2. L'art lombard
On assimile bien souvent l'art lombard à l'architecture et au décor peint et sculpté de l'Italie lombarde des viie-viiie siècles. Il s'agit là d'une définition par trop restrictive puisque cette phase italienne de l'art lombard, à laquelle il convient également d'ajouter d'autres témoins archéologiques comme les arts du métal, a été précédée au vie siècle (jusqu'en 568) d'une brillante phase « pannonienne », essentiellement révélée par les dépôts de mobilier funéraire.

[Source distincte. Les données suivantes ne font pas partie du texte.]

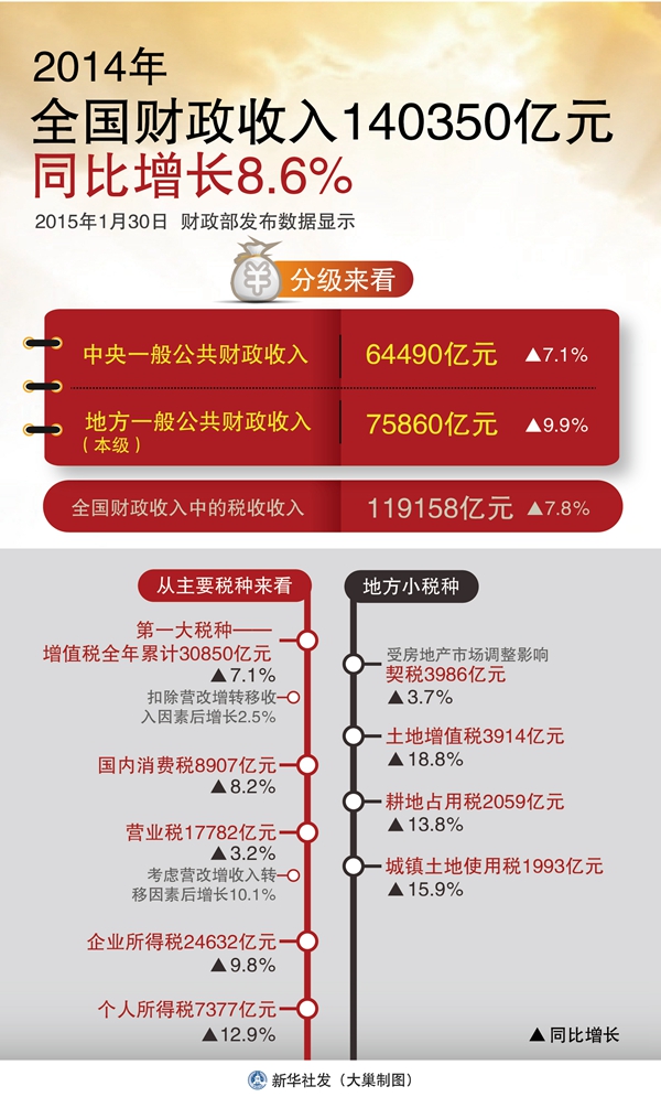 新华网北京1月30日电(记者申铖、韩洁)财政部30日发布数据显示,2014年,全国财政收入140350亿元,同比增长8.6%。这是1991年之后,财政收入增速首度跌入个位数。
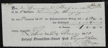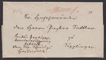 "Hasselfelde", 1834, hs. Rötelaufgabe auf Brief mit Inhalt (rs. Landbestellung quittiert)
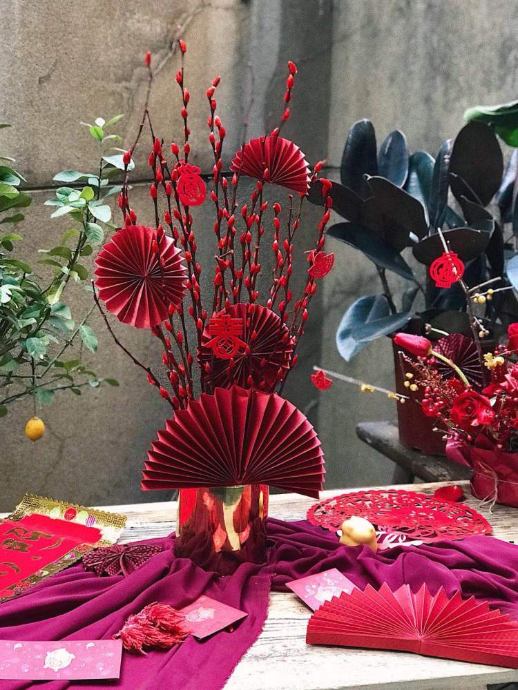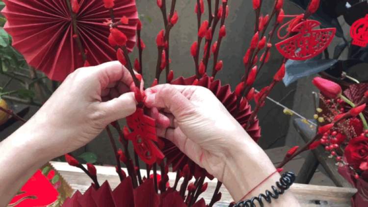 最后再把准备好的小挂件,福字、发财等挂在花枝上,简直可爱又喜庆!
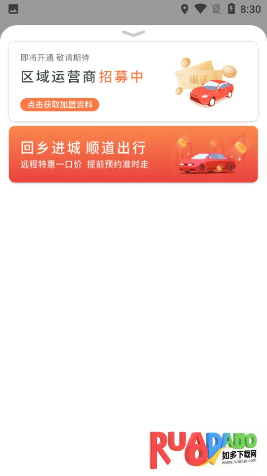 顺道出行司机端是一款出行软件,有城际拼车、定制客运、小件快送等功能。无中间抽成,本地化运营,智能调度。覆盖多城,司机优先招本地居民,营运新车有百万级乘车险,保障司机与乘客权益。
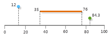 As shown below, the line in gray represents the mileage of the freeway with measure value, and the points and line segments on it represent two kinds of events: Two accidents happened on the freeway with the locations 12 kilometers and 84.3 kilometers, and road surface collapse happened between 35 kilometers and 76 kilometers.
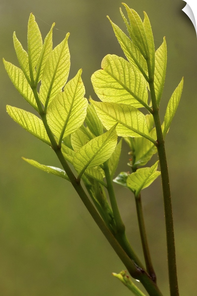 <p>Oversized, vertical, close up photograph of small green leaves at the end of a branch, that appear to be reaching upward toward the sunlight, on a soft focus background of green tones.</p>
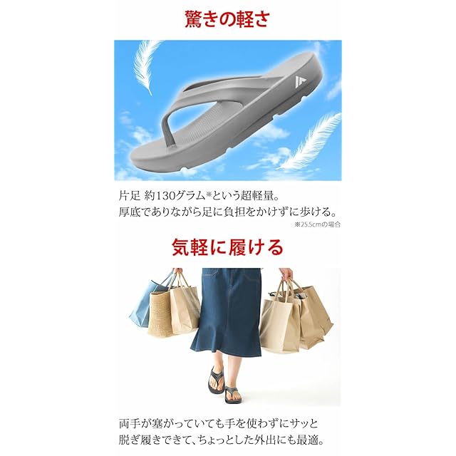 驚きの軽さ:片足 約130グラム※という超軽量。厚底でありながら足に負担をかけずに歩ける。 ※25.5cmの場合
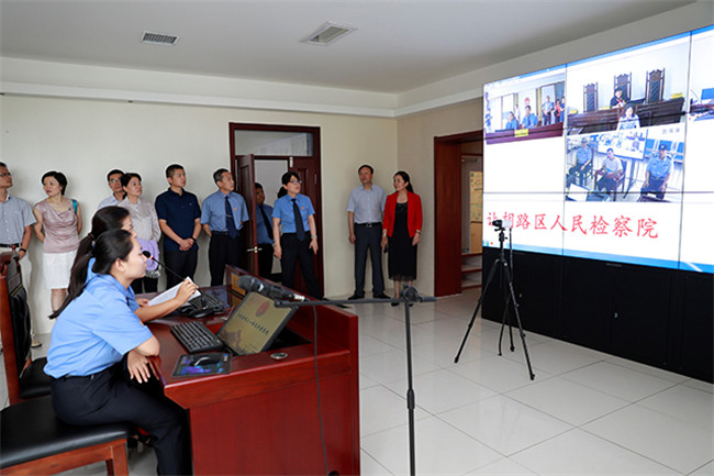 代表在黑龙江省大庆市让胡路区检察院观看远程庭审
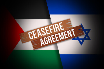 Israel and Hamas agree to ceasefire background with flags
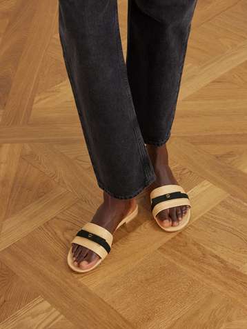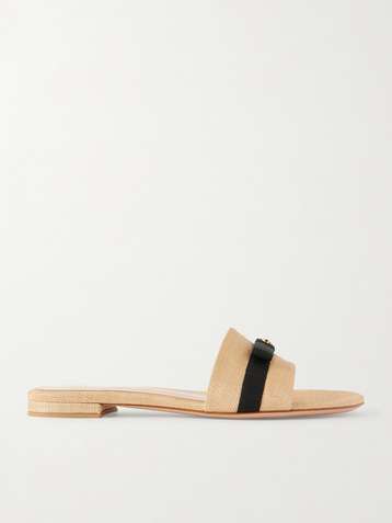 Pantoletten aus Raffiabast mit Ripsbandbesatz
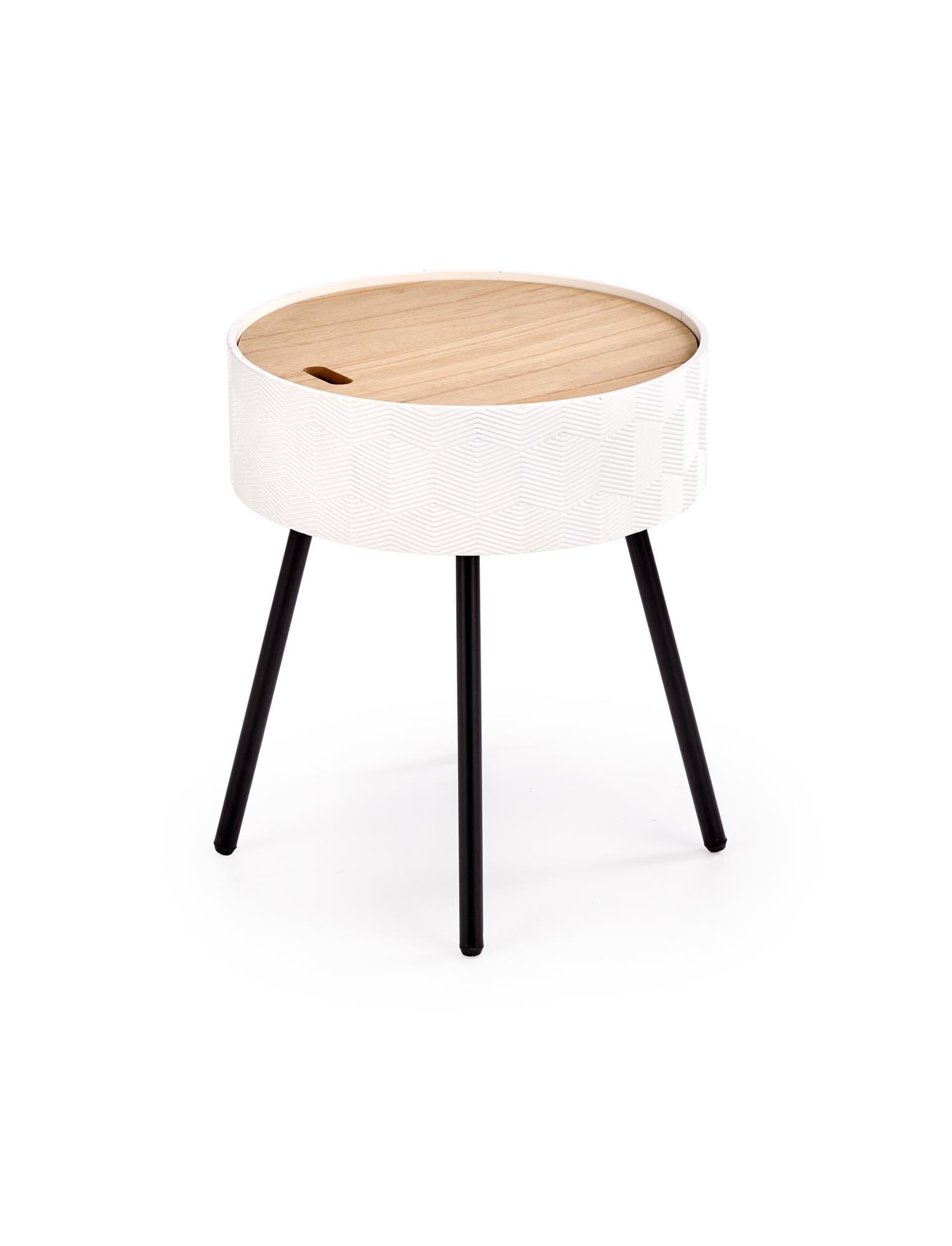 wymiary: 38/45 cm, materiał: MDF lakierowany / MDF + okleina naturalna / stal malowana proszkowo, kolor: biało - czarny
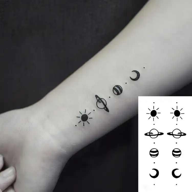 Water Transfer Tattoo Minimalist Small Sun Moon Tattoo Body
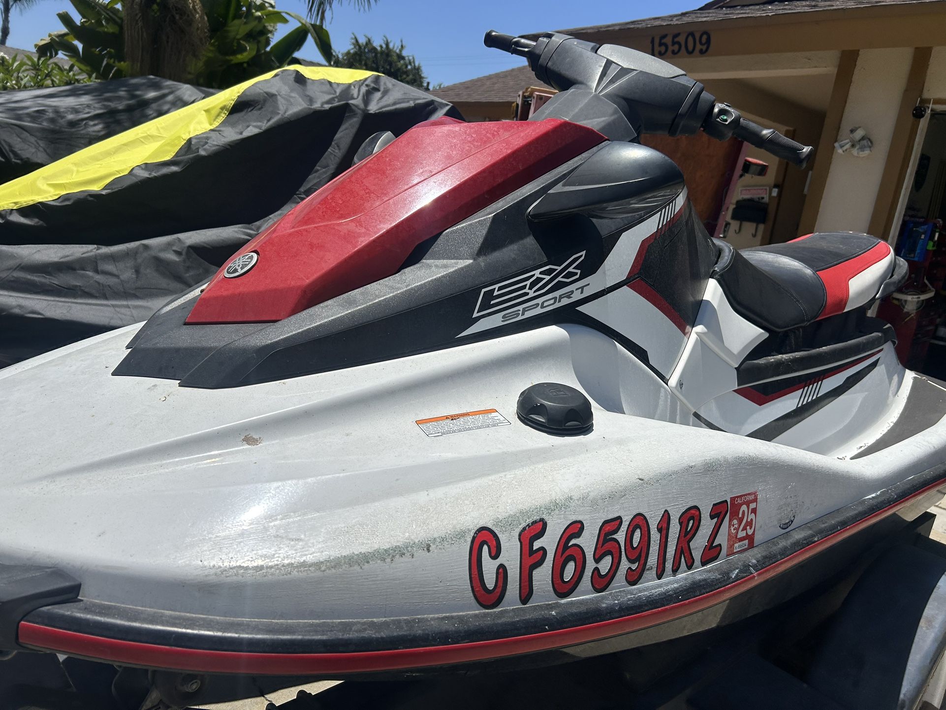 2018 Yamaha ex sport. Just had full service. Oil change and spark plugs. No mechanical issues. Ready to use the rest of the year.109 hours. Has a water box bypass so it’s a little bit louder. Selling to get a faster one.. I am including a double trailer. Pink slip in hand. $3900 for the double trailer and the Waverunner. Yamaha jet ski Waverunner turn key water ready. Kawasaki Seadoo sea doo Jin
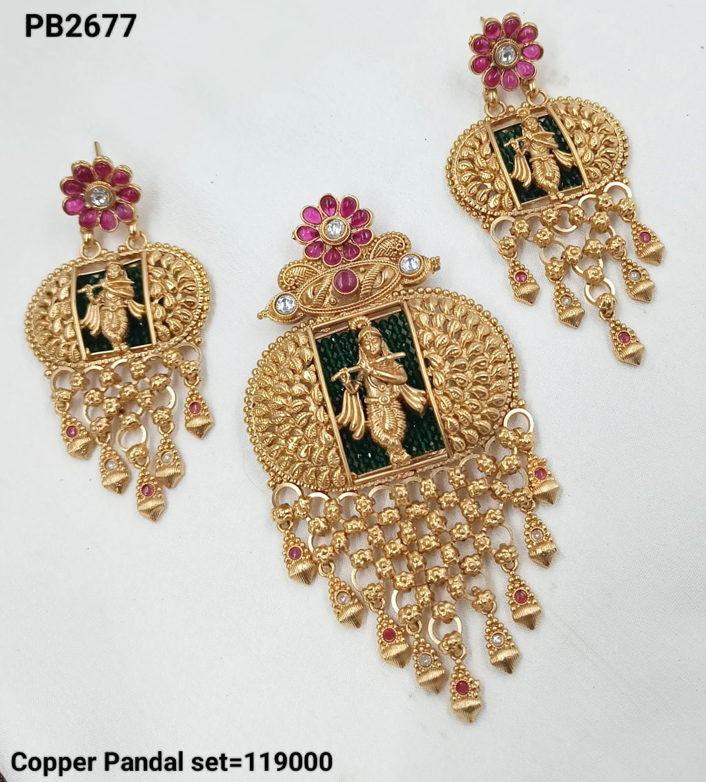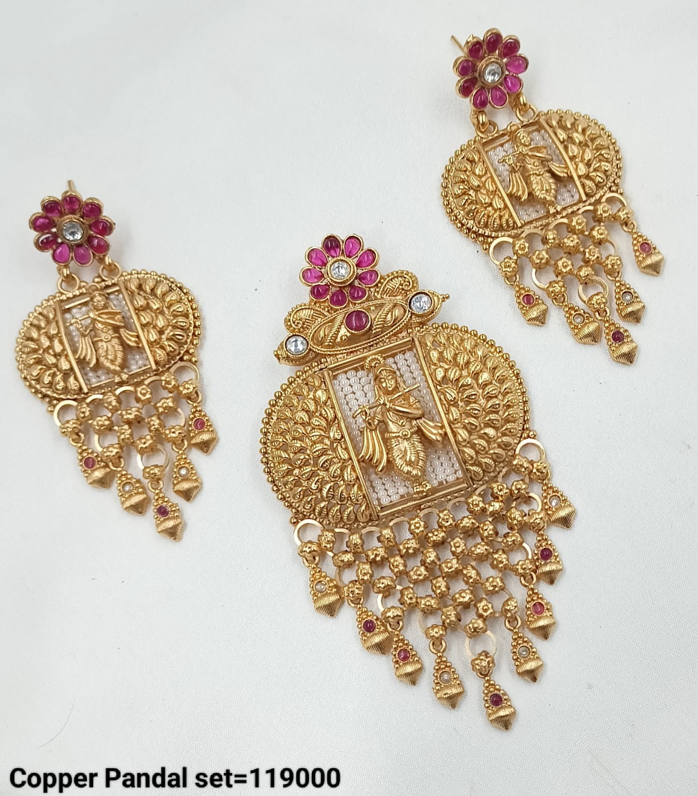 Traditional Krishna Design Copper Pendant Set - Lucentemarket
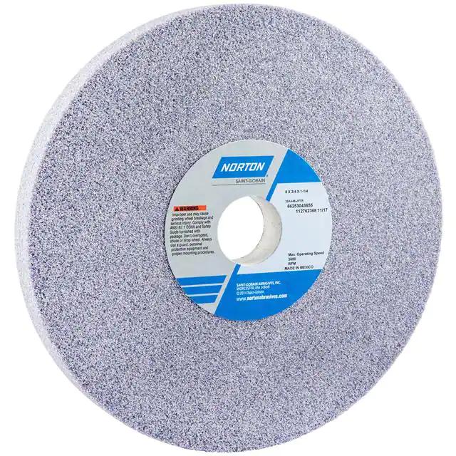 This is manufactured by Norton. The manufacturer part number is 66253043655. Its diameter is 8.00" (203.20mm). It is assigned with possible HTSUS value of 6804.22.4000. It is shipped in bulk. While its abrasive grit is 46. Abrasive Grade Info: coarse. The product is widely employed in general purpose. The product is designated with the ear99 code number
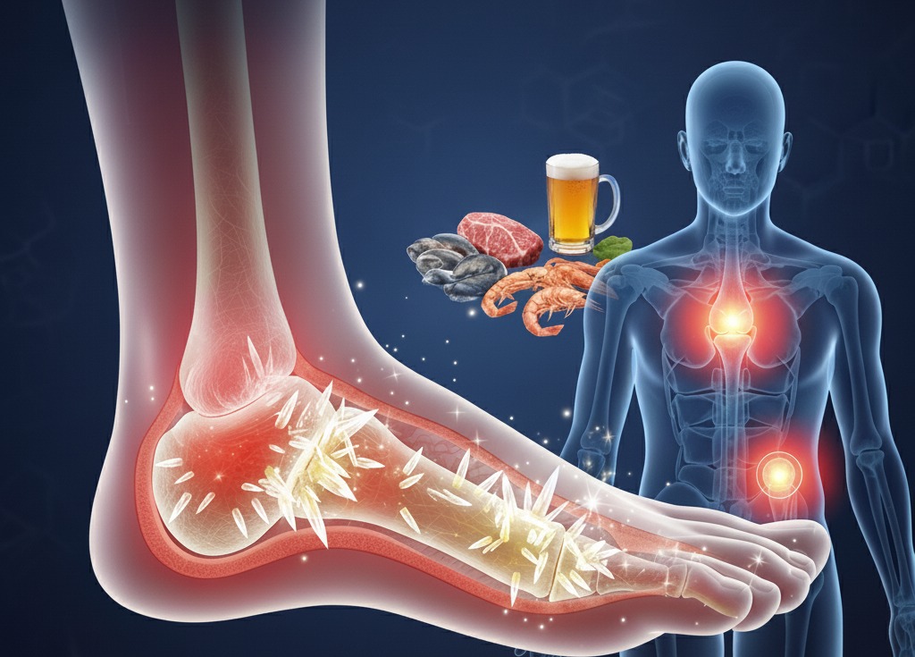 통풍은 혈중 요산 농도가 높아지면서 요산 결정이 관절, 힘줄, 주변 조직에 쌓여 염증을 일으키는 질환이다. 통풍 발작이 시작되면 갑작스러운 관절 통증과 함께 부종, 발적이 나타나며, 주로 엄지발가락, 발목, 무릎, 손가락 관절에서 자주 발생한다. 발작은 대개 밤에 시작되어 손을 대기조차 어려울 정도로 극심한 통증을 동반하며, 그 고통의 정도는 종종 출산에 비견되기도 한다. 이러한 발작이 반복되면 관절 변형과 통풍 결절이 생기면서 결국 만성 관절염으로 진행될 위험이 있다.
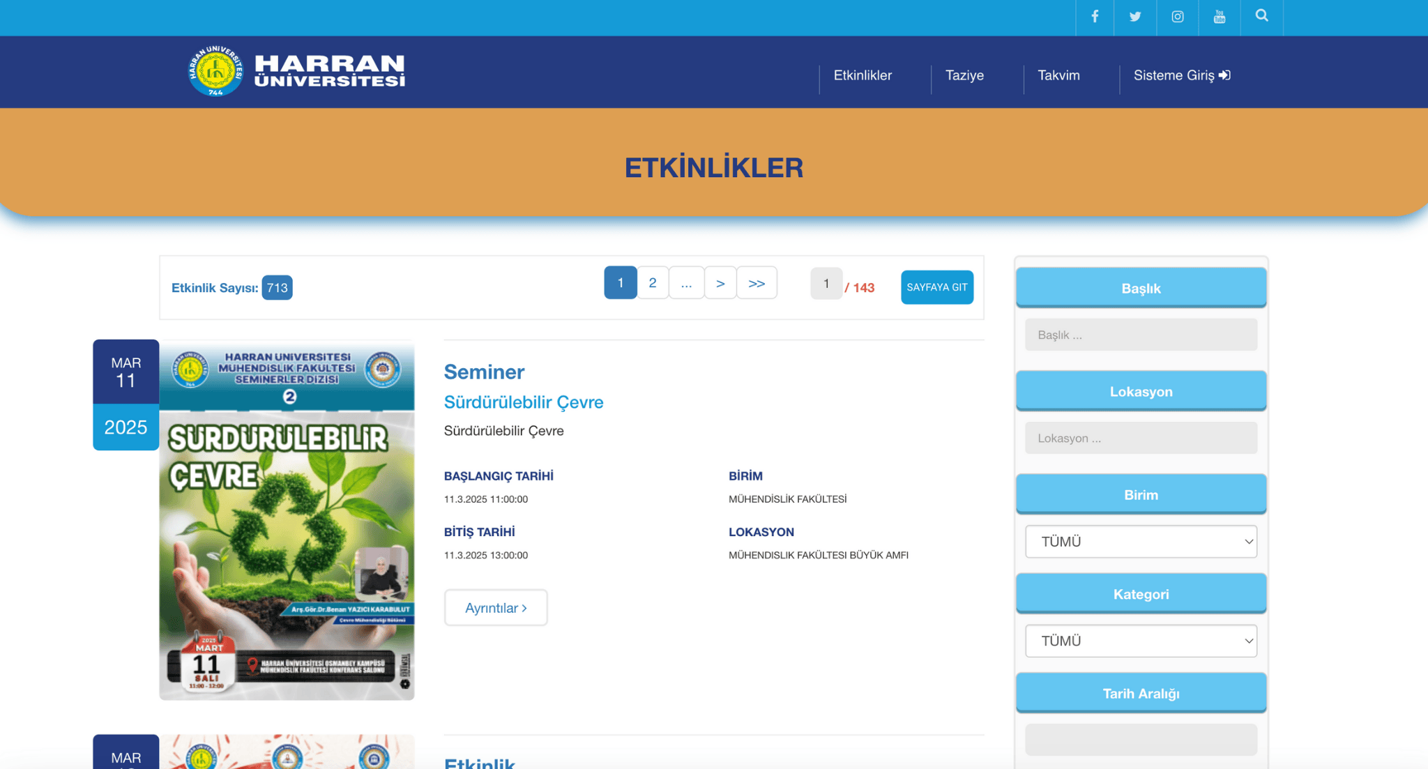 https://etkinlik.harran.edu.tr/ adresinden ulaşabilirsiniz. Üniversitemiz kurumsal hafızası niteliğ…
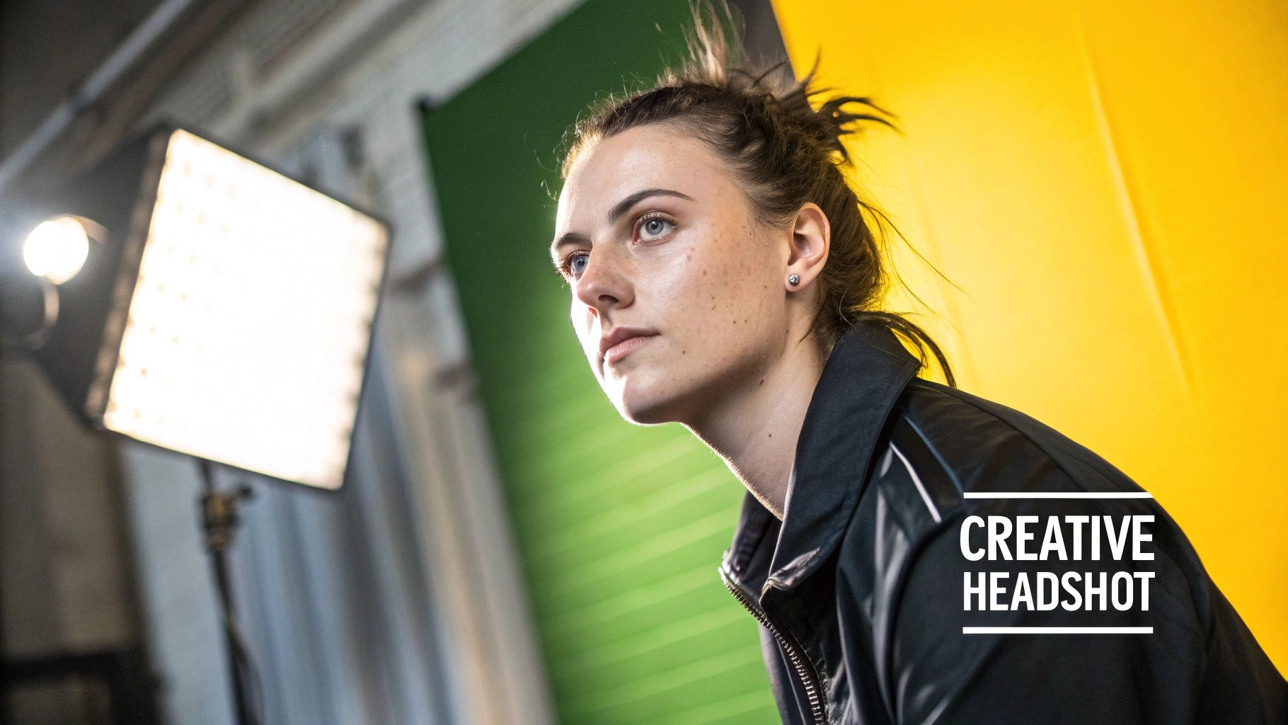 This approach is perfect for graphic designers, artists, and creative directors. A creative headshot acts as a small portfolio piece, offering a glimpse into your brand and aesthetic. It shows how you think, making it one of the most impactful linkedin headshots examples for a specific audience.

• La « phase pannonienne »
À la différence des Alamans, des Burgondes ou des Francs, Germains occidentaux dont les origines échappent presque totalement à l'enquête archéologique, les Lombards nous sont connus par une culture matérielle dès leur apparition dans l'histoire, au début de notre ère. Ils sont alors établis dans les régions de l'Elbe inférieure. De vastes cimetières à incinérations, bien souvent d'ailleurs antérieurs au ier siècle après J.-C. (ce qui atteste l'ancienneté de la « nation » lombarde), témoignent de l'existence d'une société guerrière hiérarchisée, bien conforme au jugement que l'historien romain Velleius Paterculus portait sur les Lombards : « le peuple germanique le plus féroce par sa sauvagerie ». Les hommes sont accompagnés dans la tombe d'un armement abondant (épées, lances, boucliers), tandis que femmes et enfants reposent dans des cimetières distincts. Les Lombards ne firent pas mentir cette réputation guerrière quand six mille d'entre eux, alliés aux Marcomans, attaquèrent à partir de 166-167 la Pannonie romaine (ouest de la Hongrie actuelle, en deçà du Danube), sans pour autant parvenir à leurs fins. C'est alors que le nom des Lombards disparaît des sources historiques pour près de trois siècles, tandis que les témoins archéologiques de leur culture matérielle s'estompent en Allemagne du Nord, que la « nation » lombarde dut alors quitter. Si les étapes de cette migration demeurent conjecturales, son aboutissement fut la Bohême (le pays « Bainhaib » de la chronique lombarde du début du ixe s.), à la fin du ve […]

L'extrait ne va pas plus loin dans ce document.